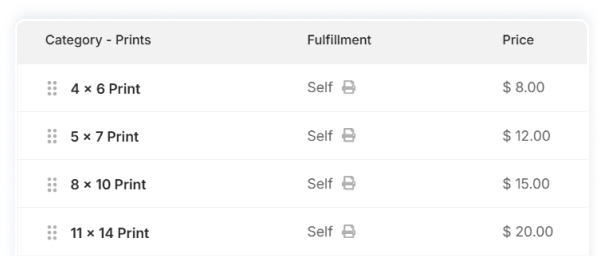 Create personalized price lists for prints, downloads, or packages. Set your markups and offer products like fine art prints, wall art, or digital files.
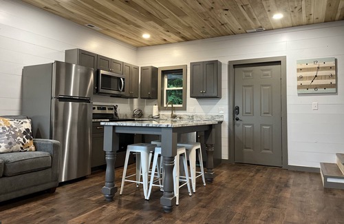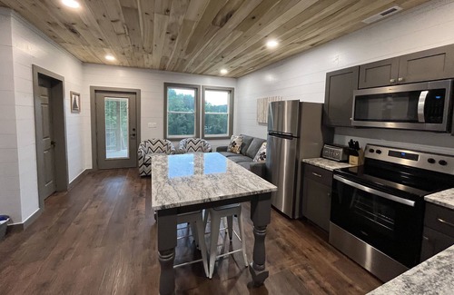 If you are looking for a lake house with peace and quiet, but on the water, look no further. Day Dreamer is a Brand New 2 bedroom / 2 bathroom lake house located on the Smith Lake with year round water! Our dock is usually in 15+ feet of water mid-march through mid-September, and 3 feet water in offseason. However, water levels cannot be guaranteed. Upon arrival , you will notice the front / back porches with plenty of seating options to enjoy nature and looking at the water. Located on the left side of the house is parking for two cars. The outside of the lake house also has a park grill.
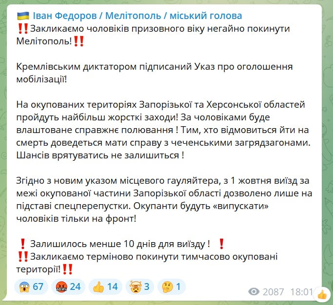 ⚠️ The whole of Russia is on its ears. Mobilization has been announced. She's giving up her momentum.
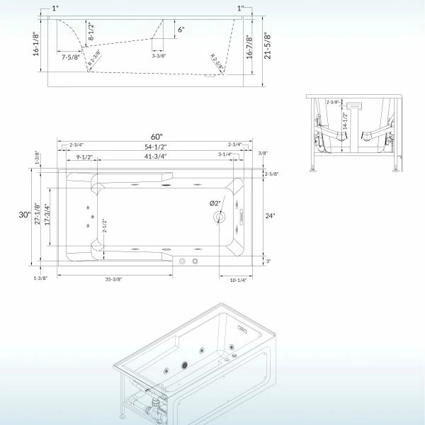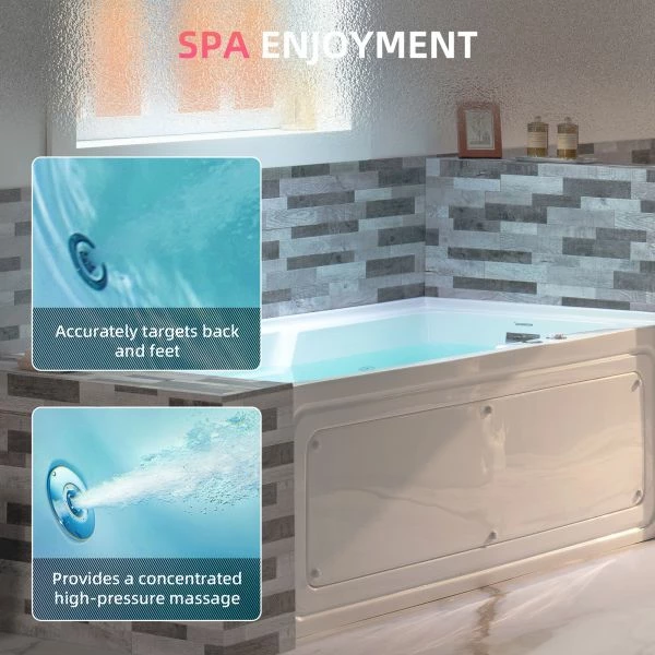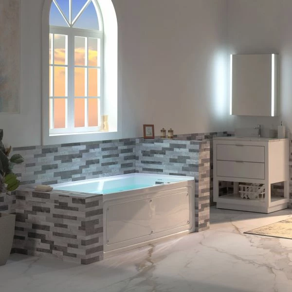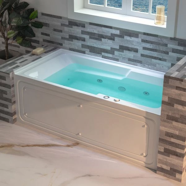 WOODBRIDGE 60″ Alcove Acrylic Rectangular Whirlpool Heated Jetted Tub In White With Right Drain, Chrome Pop-up Drain Included BS6030R
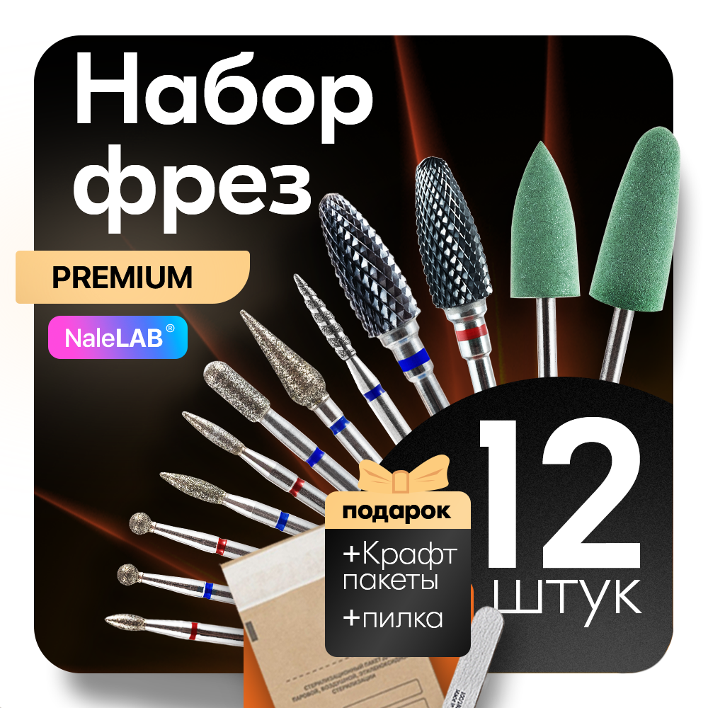 Набор фрез для маникюра и педикюра,NaleLAB, алмазные-твердосплавные,12 шт интересное:
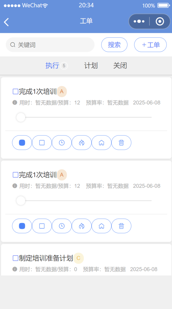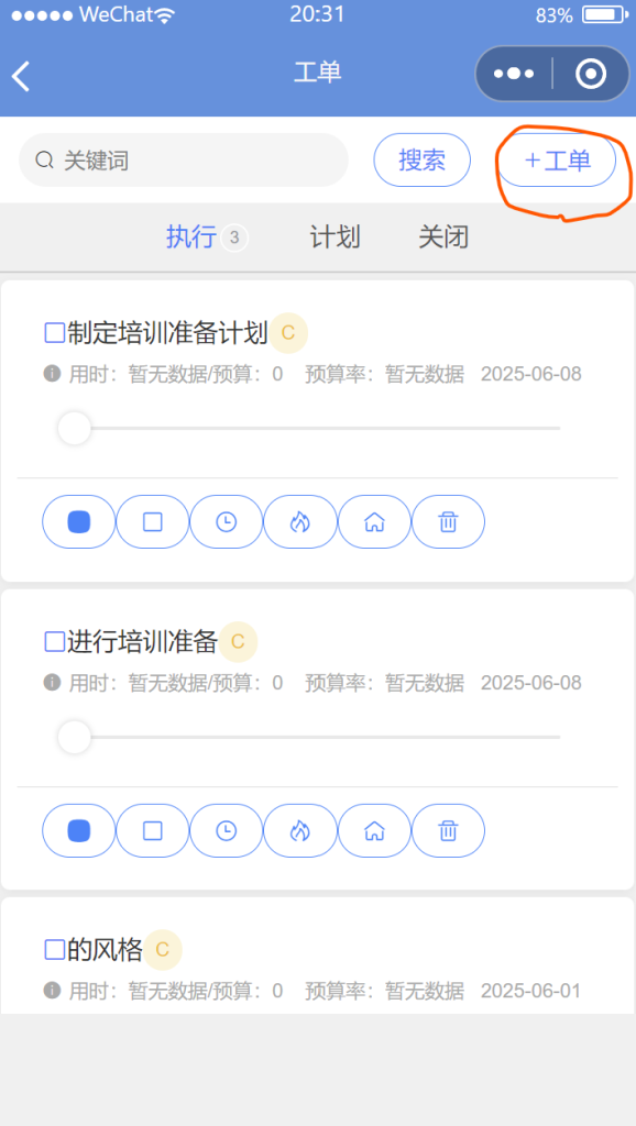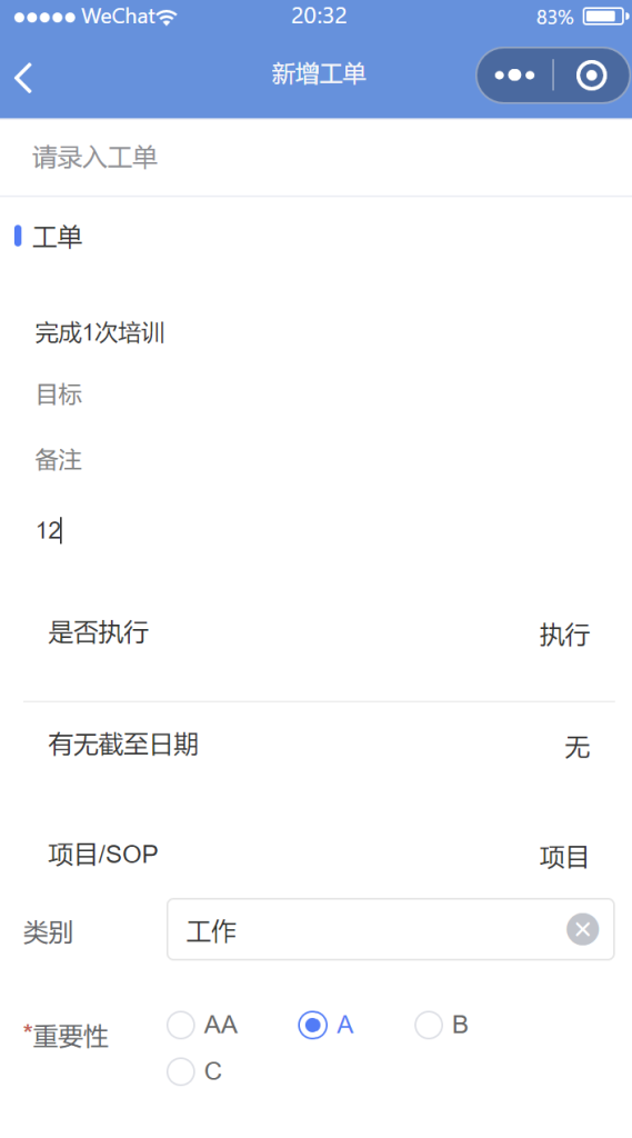 工作包括工单和任务2个模块。工单包括项目和标准操作2种类型。用户可以录入工单,可以填写类别、预算时间、重要性,是否执行。工单录入后,可以使用日志、决策等各种组件。
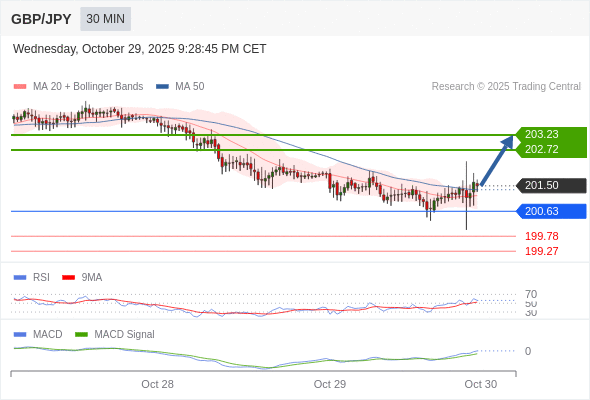 英镑/日元 当日内: 看涨,当 200.63 为支撑位。
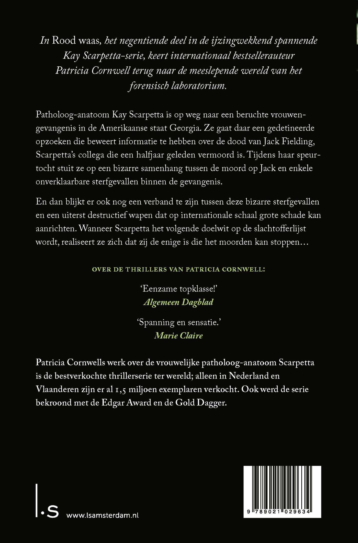 Rood waas is het negentiende boek uit de bloedstollende bestsellerserie rond patholoog-anatoom Kay Scarpetta van auteur Patricia Cornwell. Deze serie betekende Patricia Cornwells doorbraak als grondlegger van de pathologisch-anatomische thriller.
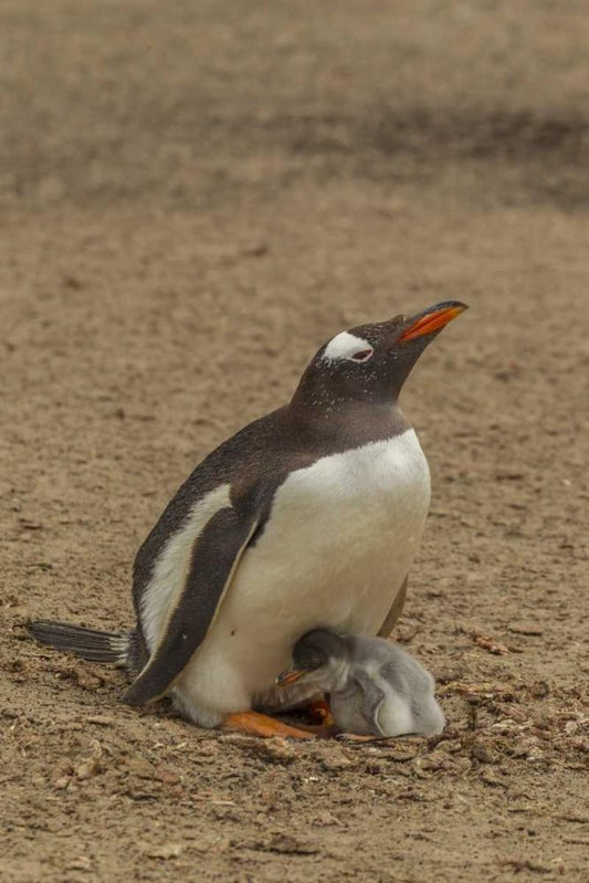 Saunders Island Gentoo penguin adult with chick White Modern Wood Framed Art Print with Double Matting by Illg, Cathy and Gordon
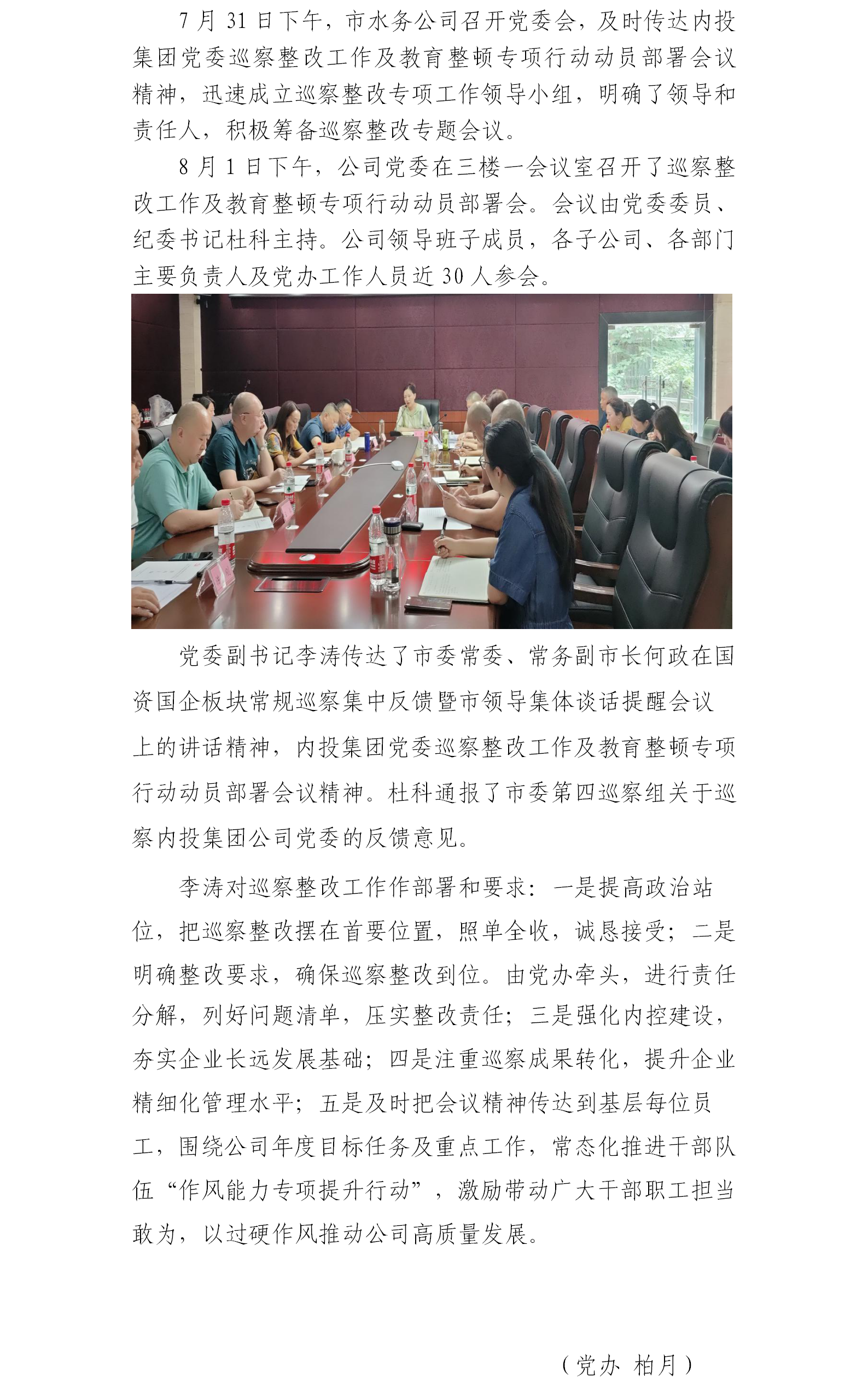 內(nèi)江市水務(wù)有限責(zé)任公司黨委召開巡察整改工作暨教育整頓專項(xiàng)行動(dòng)動(dòng)員部署會(huì)

_ _ _ _ _

» REQUIRED ACTION:
In the records above, everything from the line with "If you are looking" down to the line with "up her momentum." must be duplicated exactly, both lines kept. Leave no pictures in.

» EXPECTED ANSWER:
 If you are looking for a lake house with peace and quiet, but on the water, look no further. Day Dreamer is a Brand New 2 bedroom / 2 bathroom lake house located on the Smith Lake with year round water! Our dock is usually in 15+ feet of water mid-march through mid-September, and 3 feet water in offseason. However, water levels cannot be guaranteed. Upon arrival , you will notice the front / back porches with plenty of seating options to enjoy nature and looking at the water. Located on the left side of the house is parking for two cars. The outside of the lake house also has a park grill.
 ⚠️ The whole of Russia is on its ears. Mobilization has been announced. She's giving up her momentum.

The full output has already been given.